Being able to try out an app without installing it is a great way to get more people using them. Google starting testing its version of the feature, called Instant Apps, earlier this year. But Android isn’t the only platform introducing a try-before-you-download approach; Microsoft will soon be bringing it to Windows.

The company announced that it has launched the feature, dubbed Playable Ads, in the Windows Dev Center last week. Unlike Google’s version, which runs part of an app, Playable Ads lets you try a full Windows Store application as if it was natively installed on your device by streaming it for just three minutes.

That isn’t a particularly long period, admittedly; there are a number of games and productivity apps that require longer before determining if they’re worth your precious hard drive space. If, however, at the end of a session a user does decide they like the app, they can click on a link to install it.

Users don’t have to leave the app they’re currently in to try Playable Ads, and it’s possible to quit the stream at any point – you’re not locked into it for the full three minutes.

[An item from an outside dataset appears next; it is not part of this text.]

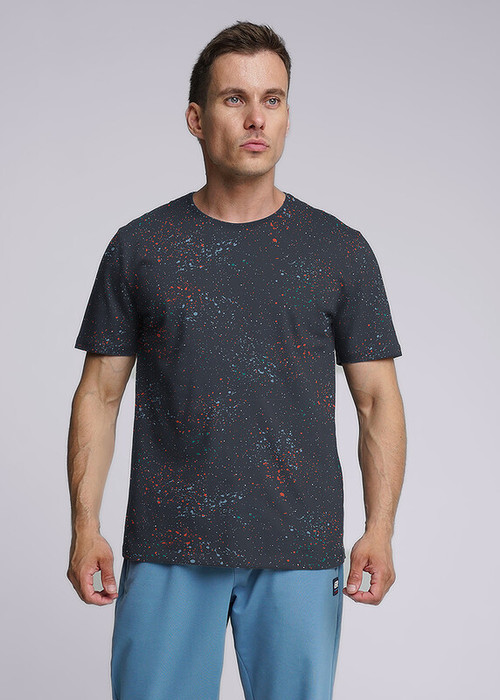 Стильная мужская футболка с круглым вырезом горловины и коротким рукавом. Изделие из приятного хлопкового полотна с эластаном в яркую авторскую набивку. Модель отлично подойдет к брюками или джинсам.

For some applications, particularly those that aren’t free, Playable Ads could prove very useful and is likely to give a better idea of what an app is like than screenshots and brief descriptions in the Windows Store. And the best part for developers is that they don’t have to add anything extra to their applications. Microsoft takes care of all the work that’s required to support Playable Ads.

The feature is still in a limited preview. Microsoft hasn’t said when it’s getting a wider rollout, but expect it to arrive sooner rather than later.